Yes, the government provides Small Business Administration loans. Various federal small business centers provide support. And the tax code has some limited incentives to revitalize communities. But we need to build and support a lot more startups in this country in order to increase middle-class wealth.

That’s because entrepreneurship is essential for wealth building, both for families and communities. Black entrepreneurs, for example, have 12 times more net worth than their peers who work for an employer.5 And as the Center for Entrepreneurial Opportunity notes, younger firms tend to create more jobs than older ones—and the most successful of these businesses disproportionately drive job growth.6

Because of that, the next president should pledge to create Startup America, beginning by designating 100 new startup cities across the nation in their first term. The time for tinkering is over. We need to stop solely relying on legacy institutions and programs to revolutionize economic opportunity. And we need to make sure more small-to-mid size cities can build the next generation of startups that will spread jobs, growth, and opportunity to their states and regions.

How Do We Build 100 Startup Cities?

We propose a sweeping new initiative that would give startups and entrepreneurs in historically-overlooked cities a shot at success through private capital, public capital, startup and workforce development, and the removal of red tape. Here’s how:

Small-to-midsize communities would compete to be one of 100 designated Startup Cities. Once selected, each city would receive federal resources to support startups in three ways:

First, Startup Cities will inject more capital into local businesses. Capital is the lifeblood of entrepreneurship and all too often makes or breaks a startup. New businesses in the 100 cities would be exempt from paying taxes on their first $100,000 of revenue in their first year. The federal government would also significantly scale up public capital to states to create venture capital programs to fund new businesses. This expansion of the State Small Business Credit Initiative would make affordable capital available as well as provide startups with loan guarantees and collateral support.7

Second, Startup Cities will build strong business skills and a talented workforce.
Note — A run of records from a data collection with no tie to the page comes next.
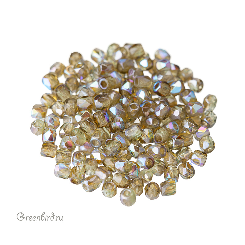 Граненые бусины (стекло). Цвет: #50230/98532 (оливковый, прозрачный / светло-коричневый, частичное покрытие / глянцевый AB, частичное покрытие). Размер: 2 мм, отверстие: 0,7 мм. Производство: Чехия. Обратите внимание: из-за особенностей нанесения покрытия бусины этого цвета незначительно отличаются друг от друга. Цена указана за 1 упаковку (примерно 150 штук).
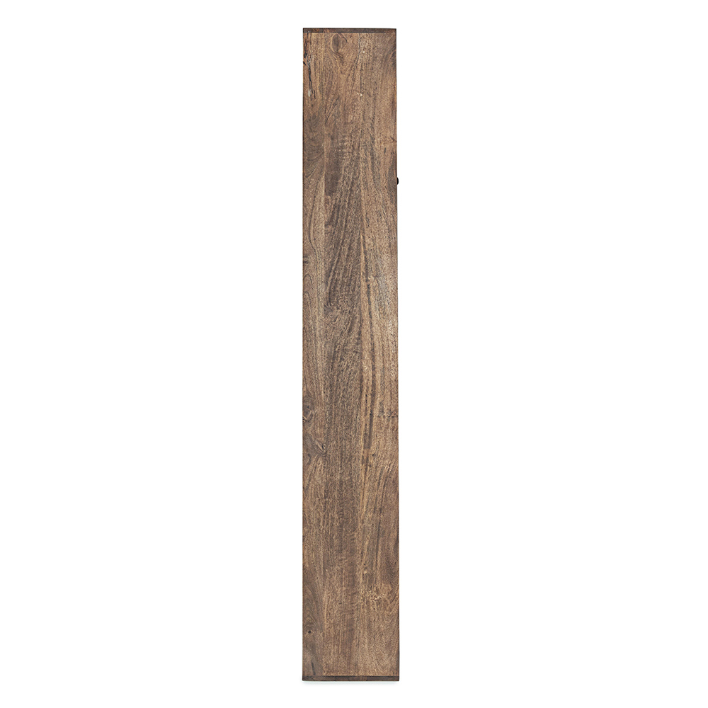 Denne bogreol i stuen har en struktur i mangotræ med MDF-bagside.
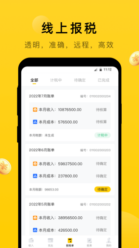 3、报税单:帮助企业将每个月数据进行整理汇总成报税单,可以实时查看每月报税情况。

People with a dream need business acumen to get a startup off the ground, and they need a ready pool of people they can hire. Cities would ensure that every public high school in the 100 cities offers entrepreneurship classes as well as financial literacy courses. Partnerships would be created between community colleges, chambers of commerce, and other business organizations to sync curriculum and hiring. Technical apprenticeships would be expanded in high-growth fields. A special visa would be created for immigrants to move to places that are subject to large working-age population decline, as proposed by the Economic Innovation Group.8 And mini MBA-style bootcamps would help entrepreneurs scale early-stage startups to more mature ventures.
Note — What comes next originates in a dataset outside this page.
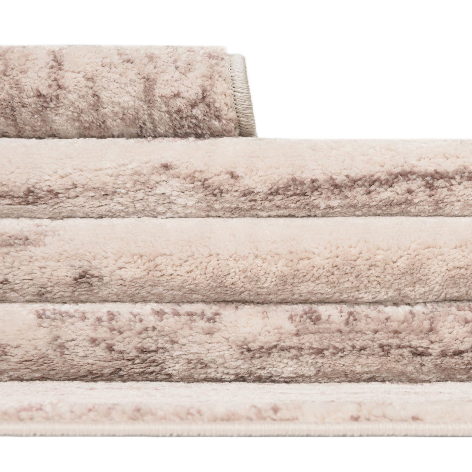 A softly striated abstract pattern plays across a warm brown background, with beige and ivory highlights that create a gentle, weathered effect. The low-profile pile has a smooth, slightly plush hand and a subtle sheen that catches light without dominating a room. Machine-made from 65% polypropylene and 35% polyester, the construction delivers an even surface and consistent color depth across the octagonal shape.

Third, Startup Cities will cut the red tape that strangles entrepreneurship. Small business owners may need to secure a business license, business permit, occupational license, or other approvals—often from multiple levels of government.9 Cities would create a one-stop shop that provides federal, state, and local licensing information in one place to help entrepreneurs cut through red tape. These would also help entrepreneurs navigate regulatory requirements, reduce complexity, limit agency interactions, and shorten wait times. And while these cities reduce regulatory burdens, the federal government should too. Federal agencies would be directed to reduce paperwork, streamline loan and program processes, and reduce filing and service fees.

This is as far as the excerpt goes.